There were few people in the office today, mostly those who had to get a work plan done in time, a work plan I didn’t have to construct but in which my name appeared for interesting pieces of work. The reward for hanging in there is interesting work with people I like to work with.
A few more people now know about my predicament of the last few months and there is some incredulity. We are a big place and much is not visible to others. I am a squeaky wheel now and think I am being heard. Maybe after this someone else’s transition from the field is going to be easier.
We have all received our Thanksgiving cooking assignments from master chef Jim. For this reason I hastened home. Axel and I are responsible for the turkey basting, the wine, the mashed potatoes and at least one dish that is not a variant on brown/yellow/orange. We are pushing the limits and are doing not only the green beans with toasted almonds and ginger routine but also a new dish with Brussels sprouts in a Thai dressing that I picked up from the radio yesterday. It is a bit of a trust fall.
My specialty, pumpkin pie, I cooked for internal consumption when I got home. Four other pies were already claimed by others with whom we will share the Thanksgiving meal at Sita and Jim’s house.

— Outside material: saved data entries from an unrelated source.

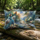 Almofada Lombar Watercolor Forest River Horsewoman Dreamscape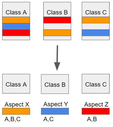 위의 사진과 같이 흩어진 관심사, 횡단 관심사의 모듈화를 통해 핵심 비즈니스 로직을 분리한다.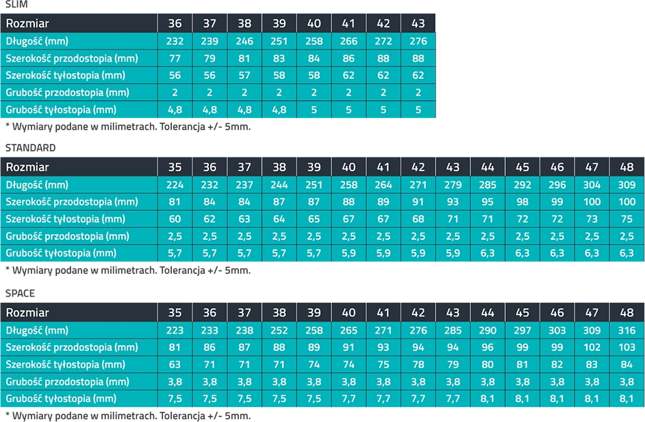 - SPACE (Kod: IO91): Do obuwia szerokiego, sportowego i roboczego.
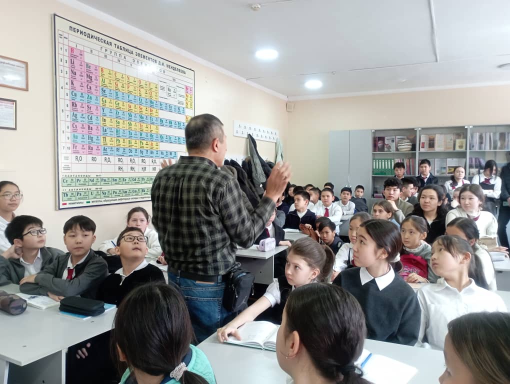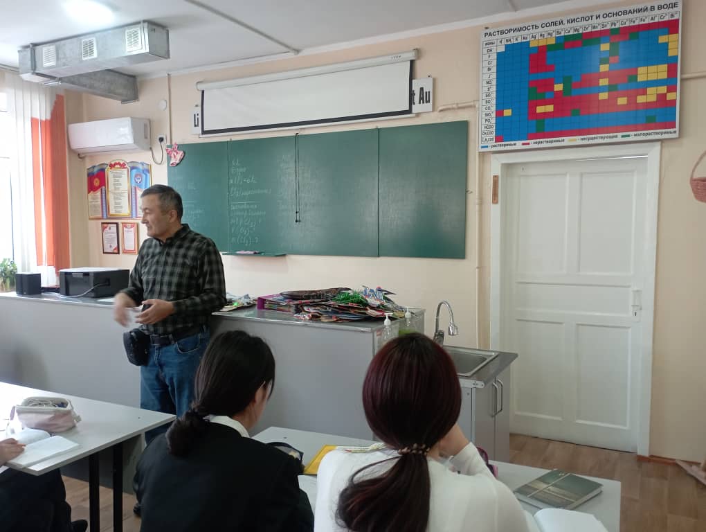 С лекционным материалом перед учащимися школы выступил врач ЦСМ 7 кабинета укрепления здоровья Шаршеналиев Эмиль Нусуртбекович,который рассказал ребятам про соблюдение принципов здорового образа жизни,о значении физической культуры, о правильном питании, о недопущении насилия и агрессии по отношению друг к другу,о хрупкости человеческой жизни, о добропорядочном отношении между одноклассниками и одношкольниками. Также врач затронул тему ранних половых отношений и о ранних браках. Ученики внимательно слушали врача и задавали Эмилю Нусуртбековичу интересующие их вопросы.

We met up with Tessa and Steve at Al’s café in Manchester. The place is closing on January 1. I had never been there so I got in under the wire. The cafe is really a bar that has long since stopped serving food after the stove broke down. The interior is unadulterated 50s with nicotine stains of 60 years on the paneled walls, several TV screens with games going on, wobbly booth furniture without the booth, sticky vinyl and the only visible bathroom for guys only.

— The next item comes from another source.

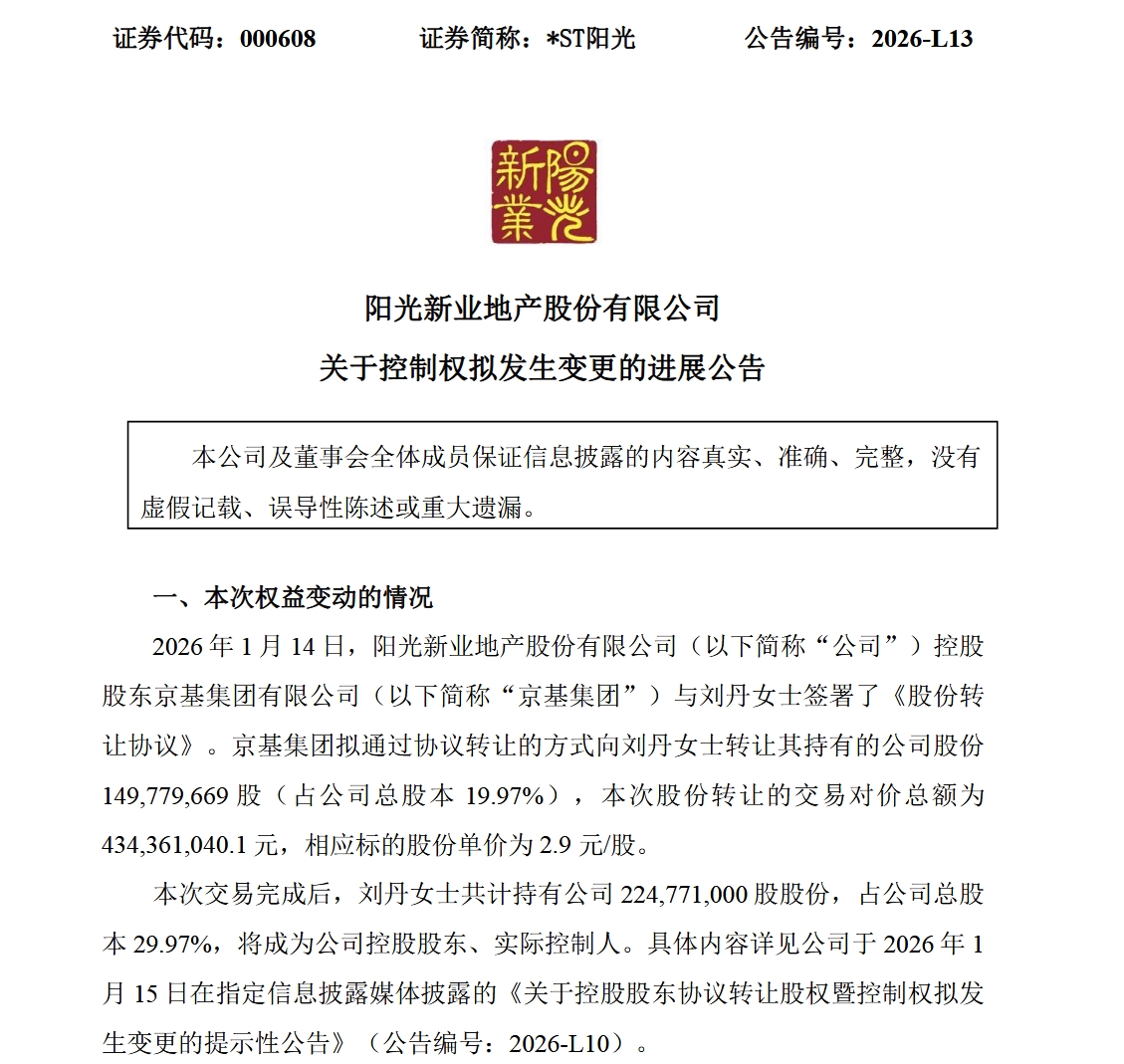 中房网讯(苏晓/文)1月27日,ST阳光(600220)发布控制权拟变更进展公告,宣告深圳地产巨头京基集团对其近六年的掌控正式落幕,交易完成后京基集团将清仓退出ST阳光,其在A股控股的上市公司仅剩京基智农(000048)。

It is not really my kind of place but I get the nostalgia thing. It is the place where Axel took our daughters to when they turned 21 – a manly kind of initiation into the world of authorized drinking.
According to one of the locals some rich people in town banded together and bought the place, just to get rid of the Budweiser sign in the window. The café will become a restaurant, a wine and tapas bar to be precise. Some people think it will be more fitting than a Budweiser place; others think something will be lost. Having never been there I had no opinion. Now I know something will indeed be lost. I didn’t mind the sign.
Back home we celebrated Oona’s first puppy birthday – she is a big dog and doesn’t look like a one year old until you ask her to do things that require serious mental processing. Unlike her older sister Chicha, Oona had no idea about how to unwrap a birthday present and quickly lost interest, letting Chicha complete the job.
For a while she teased her older sister with her new toy but lost interest. That toy was quickly dismantled when we were not supervising (the toy instructions, we discovered later, said that the toy was to be used under supervision only). Nevertheless Tessa will probably write an angry letter to the manufacturer, complaining about deceptive advertising. She likes those kinds of battles.